À sa première année aux commandes des Devils, il a été congédié avec trois petits matchs à jouer en saison régulière alors que son club avait déjà amassé 103 points!

« La personne (Lou Lamoriello) qui m'a congédié, je l'ai toujours dit, est une très bonne personne. Côté business, ça n'a jamais été facile de travailler pour lui, c'est reconnu », a commenté Julien.

« J'ai eu peur que ma réputation en prenne un coup. J'ai été chanceux que les Bruins me fassent signe rapidement et ça m'a sauvé », a-t-il ajouté avec modestie car il avait mérité ce poste et il l'a prouvé en menant les Bruins à la coupe Stanley.

À Boston, il a développé un fort lien de confiance avec le directeur général Peter Chiarelli. Quand on lui a demandé si son deuxième congédiement à Montréal s'expliquait par un lien moins fort avec Marc Bergevin, il a assuré que non.

« Marc avait beaucoup de pression sur les épaules pour avoir du succès, mais on avait une très bonne relation. Comme je l'ai fait avec les Devils, que ce soit la bonne décision ou non, je devais la respecter même si je n'étais pas d'accord », a-t-il confié.

Quant à Hartley, c'est survenu chez les Flames. Moins d'un an après avoir mérité le trophée Jack-Adams, remis à l'entraîneur de l'année, Hartley a été viré.

« Ma dernière année à Calgary fut, on va dire le vrai mot, un cauchemar pour X et Y raisons. Je n'ai pas eu un mot à dire. Bang! Merci bonsoir, c'était fini. Donne-moi au moins une explication », a lancé Hartley avec ferveur.

Pour éviter un congédiement rapide, Hartley est convaincu que ça exige un directeur général qui peut assumer la pression de ses supérieurs. Au Colorado, Hartley avait cette personne en Pierre Lacroix, mais ce ne fut pas concluant à Calgary.

« Certains directeurs généraux composaient très bien avec la pression, tu ne sentais aucune panique. Mais d'autres, dès que leur réunion était finie avec leur patron, ils étaient dans mon bureau avec le visage tout rouge, c'était panique maximale. Ils revenaient avec toutes sortes d'idées farfelues… », a raconté Hartley alors qu'on pouvait s'imaginer la scène.

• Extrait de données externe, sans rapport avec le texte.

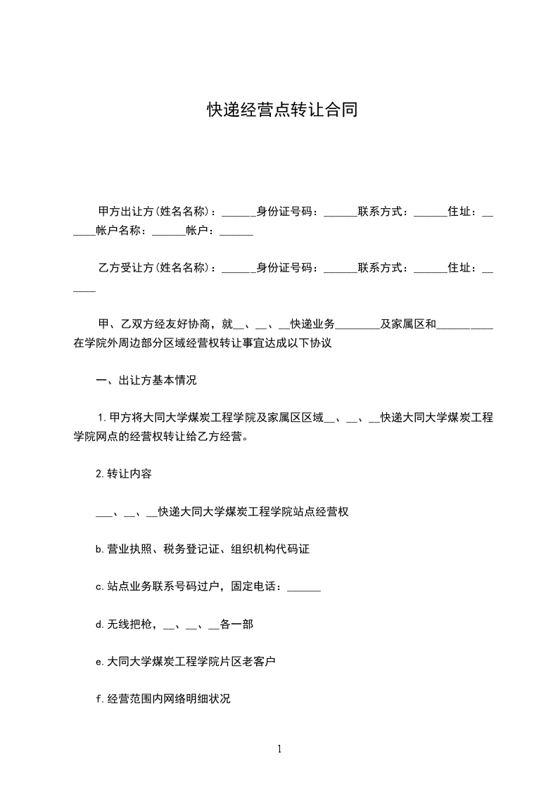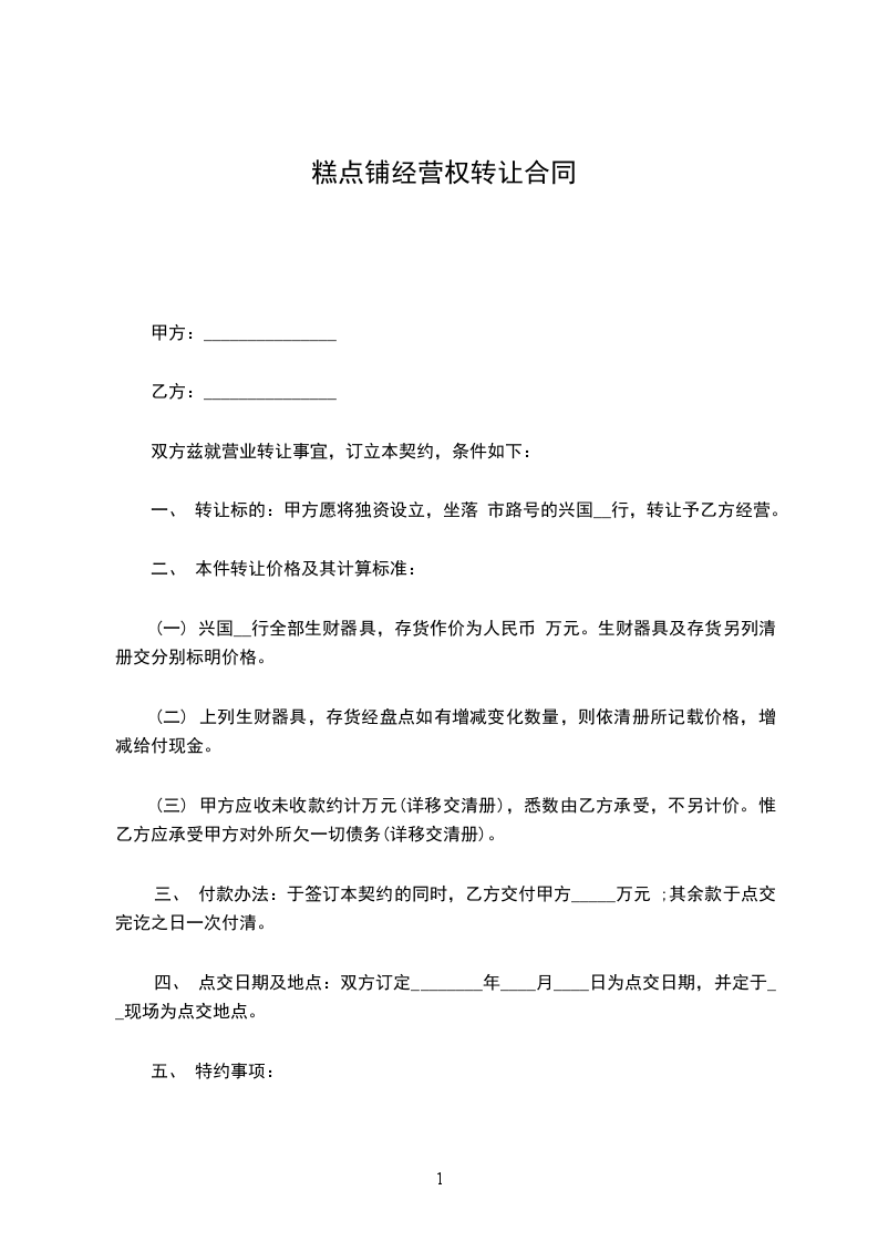 一、 转让标的:甲方愿将独资设立,坐落 市路号的兴国__行,转让予乙方经营。
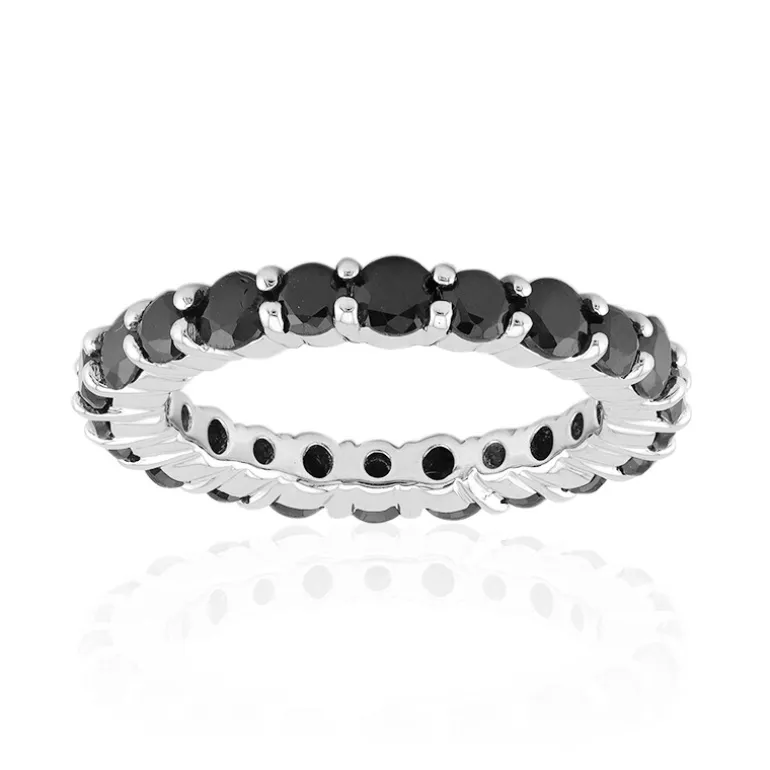 Entdecken Sie die Anziehungskraft dieses schicken Silberrings mit schwarzem Spinell – ein Muss für jede Schmucksammlung. Der Ring zeigt eine schimmernde Reihe schwarzer Spinelle, die in elegantes Silber gefasst sind und einen auffälligen Kontrast bilden. Dieser Ring eignet sich perfekt, um Ihrer Abendgarderobe einen Hauch von Raffinesse zu verleihen, und ist vielseitig genug für formelle Anlässe und alltägliche Eleganz. Kombinieren Sie ihn mit einem kleinen schwarzen Kleid für maximale Wirkung.
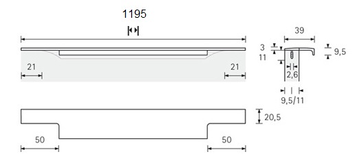 Greep Lamezia - mat zwart - Lengte 1195 mm
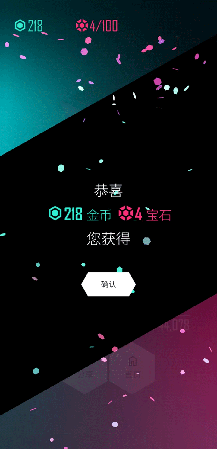 5、当进度条达到100%后即可过关并获得金币和宝石奖励
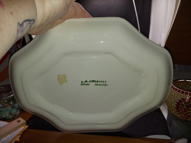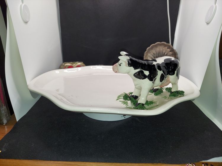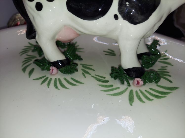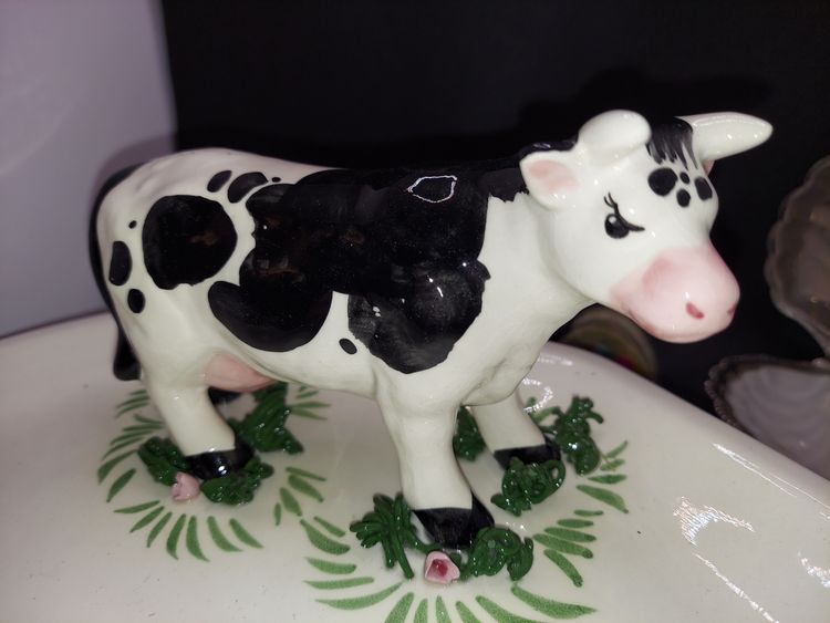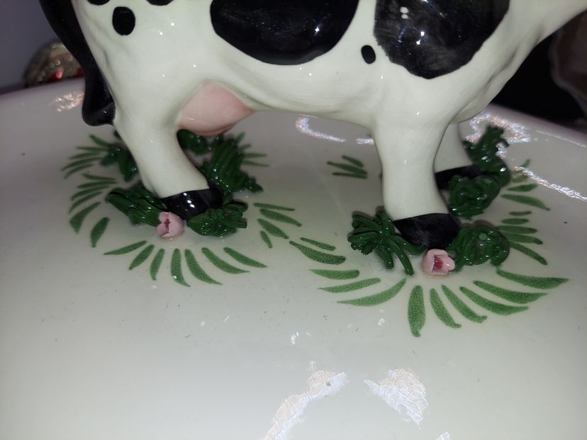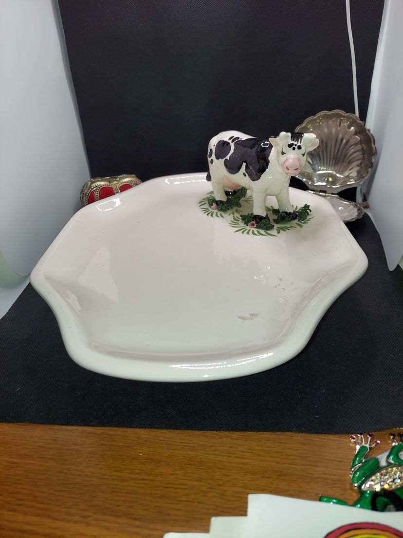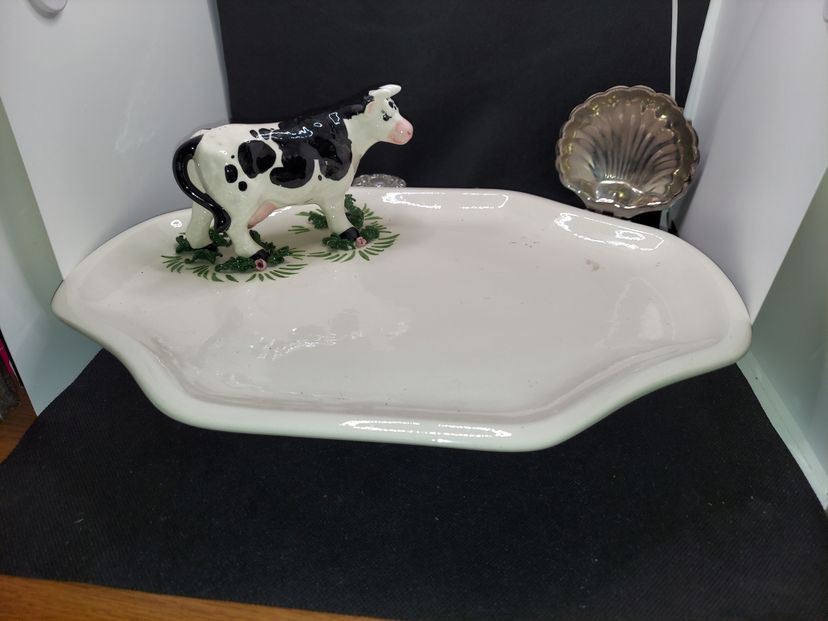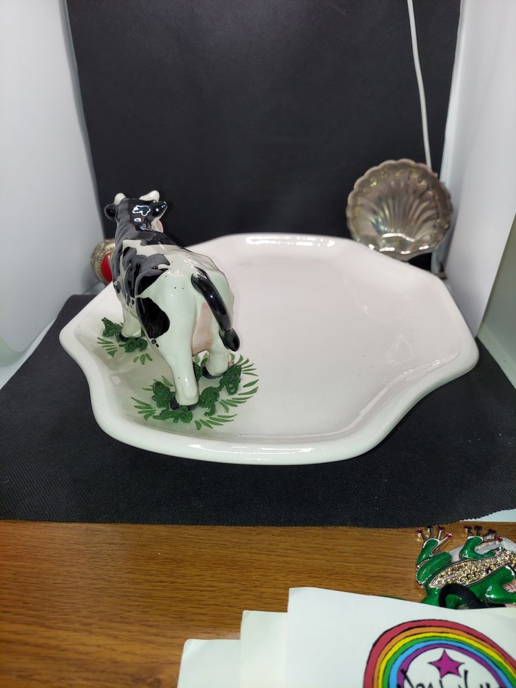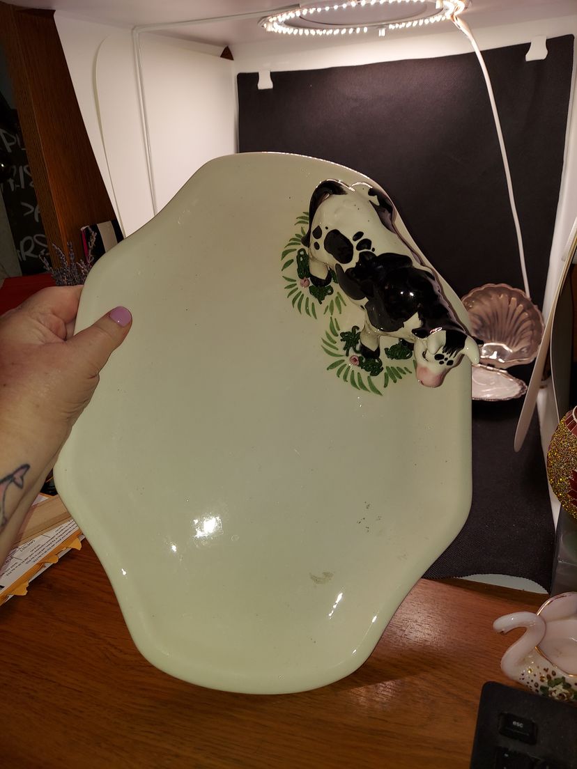 This Vintage L. A. Ceramics Cow Appetizer Plate Platter from the 1960s is a unique find for anyone looking to add a touch of farmhouse charm to their kitchen. The 3D cow is on a white base and makes it a stand-out piece for serving appetizers at any occasion OR for a Charcuterie Board! The large size and easy-to-fill compartment make it both practical and eye-catching for your dining table. Made in the United States by L.A. Ceramics, this glossy finish tray is a one-of-a-kind addition to your dinnerware collection. Seriously, trying and find another 1 like this! And the condition is Great!! It measures 15 inches long and 11 inches wide. In a super unique shape and VERY heavy and solid. This item will be the talk of your dinner party! This item is cross-posted on other apps so if you love it grab it now! Also please see our other items for sale as we love to bundle to save on shipping! All of our packages are packed with love and care so rest assured it will arrive safely.
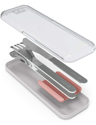 FRENCH DESIGN ET PRATIQUE : Grâce à son design unique, transporter des couverts nomades n’a jamais été aussi simple ! Il suffit de retirer le socle souple de maintien de la boite, de le déposer sous le couvercle supérieur du MB Original ou MB Square et de ranger chaque couvert à sa place !
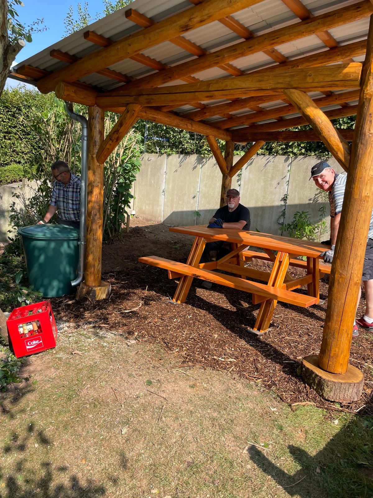 Die Arbeiten am Schattenplatz am Brunnen kommen gut voran. Am Freitag den12.07.24 wurde das Dachgebälk auf gesetzt. Wenn das Gebälk aufgerichtet ist, ist das die Zeit für das Richtfest. Ist hier vielleicht etwas übertrieben formuliert aber wenn es einen Grund zu Feiern gibt, sind wir auch bei einem kleinen Richtfest dabei.
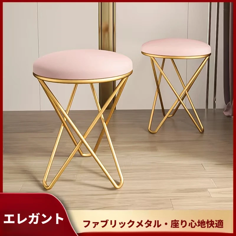 北欧スタイルのアイアン化粧台椅子 - おしゃれで高級感溢れるデザイン、女性の寝室やリビングにぴったり!快適な座り心地で、美容タイムをもっと特別に。
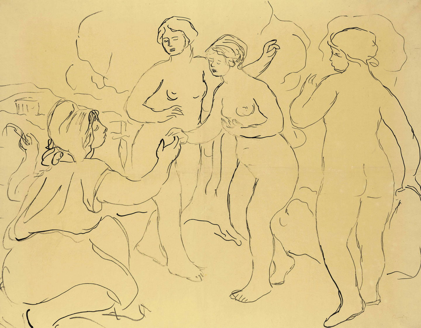 This is an example from the early development of Auguste Renoir’s Judgement of Paris. This is when the artist starts to express their mental image in recognisable figures and objects.
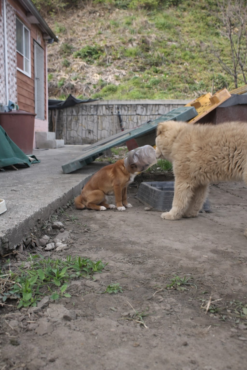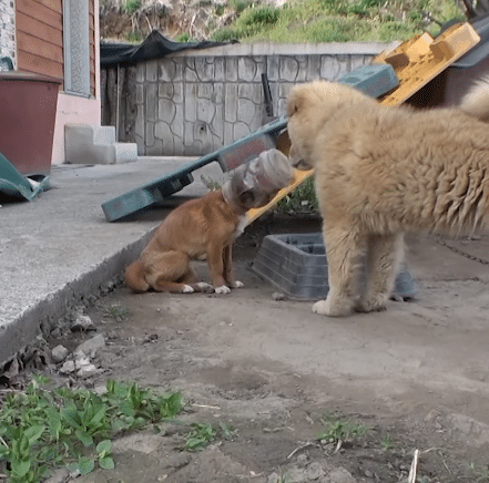 Not far away, another dog lingered.
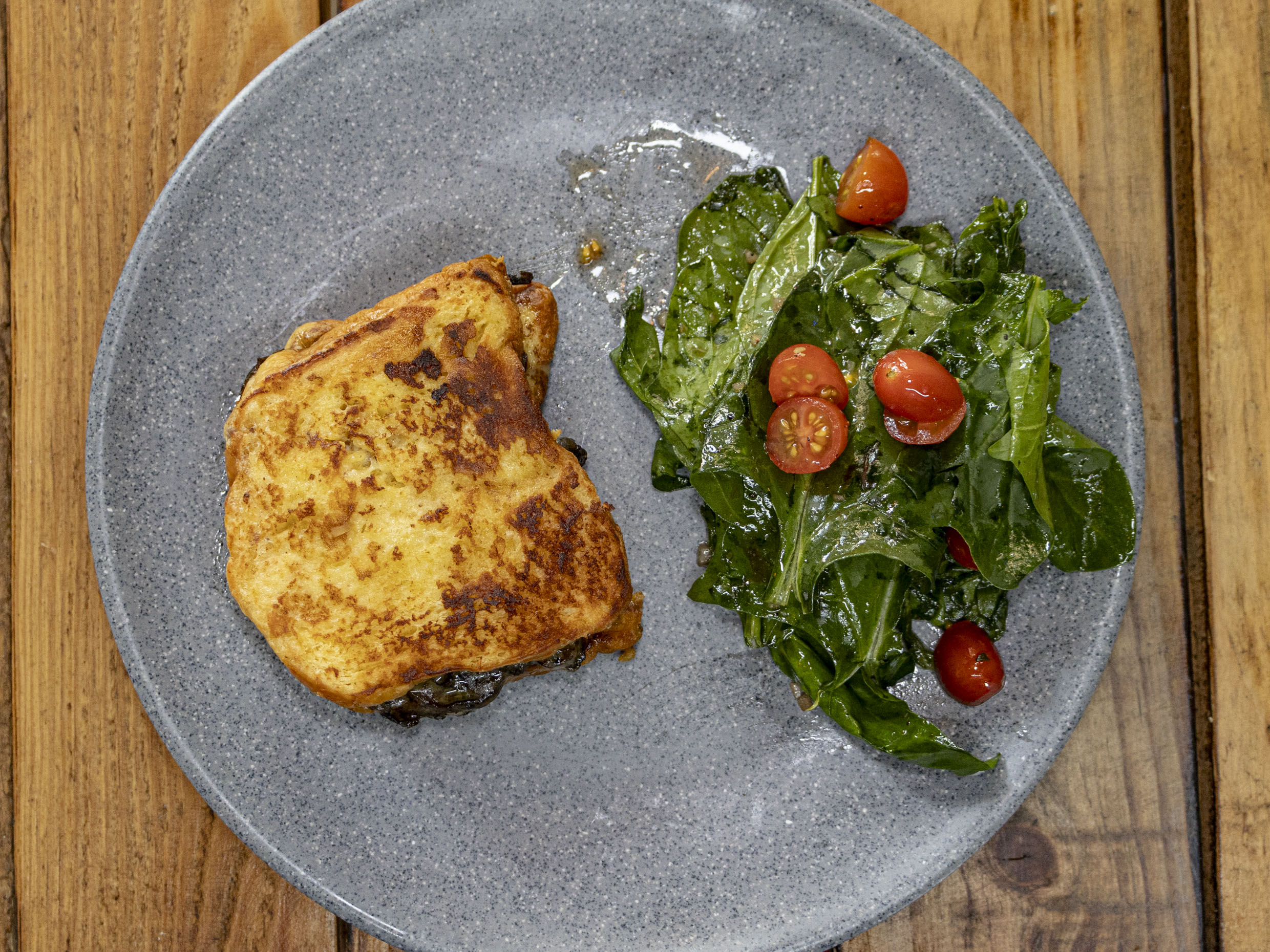Sándwich de queso a la parrilla con champiñones al ajo con pan de brioche francés.
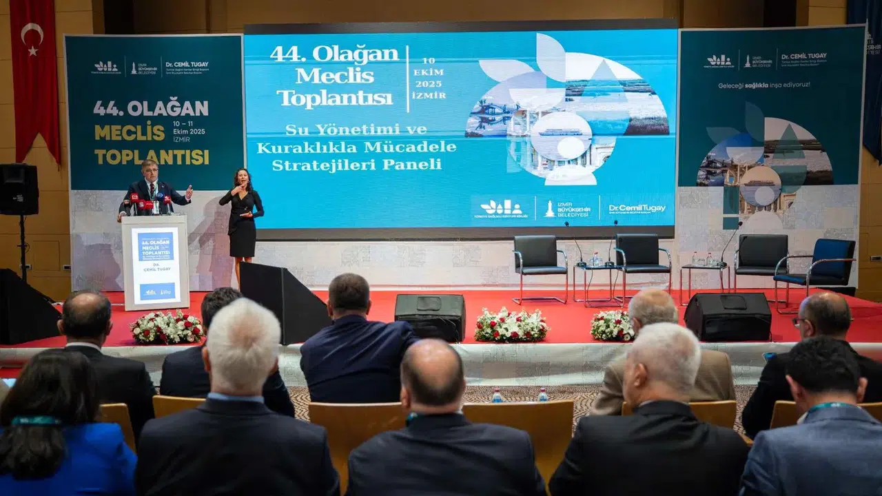 İzmir Büyükşehir Belediye Başkanı Dr. Cemil Tugay'ın başkanı olduğu Türkiye Sağlıklı Kentler Birliği'nin 44. Olağan Meclis Toplantısı, İzmir Büyükşehir Belediyesi'nin ev sahipliğinde başladı. “Su Yönetimi ve Kuraklıkla Mücadele Stratejileri” başlıklı bir panelin de düzenlendiği toplantının açılışında konuşan Başkan Dr. Cemil Tugay, su krizi ve kuraklığa değinerek, “Su krizi ile mücadelede geri kazanıma, toplama-tutma sistemlerine ve adil paylaşıma dayalı bir yeni düzeni yerel yönetimlerin merkezine yerleştirmeliyiz. Kentlerimizin geleceğini yeni sistemleri yerel düzeyde uygulama yeteneği belirleyecek ” şeklinde konuştu.

Mais le rouge, c'est avant tout la couleur de l'amour et voici ce que Bob Hartley retient à 64 ans.

« C'est le métier le plus fou au monde. Mais, en même temps, le plus beau. Je suis encore en amour avec le hockey », a-t-il lancé.

« C'est LA raison pour laquelle je suis encore entraîneur ! Je continue d'adorer ça sauf le côté cruel des congédiements », a conclu Claude Julien en donnant raison à Hartley.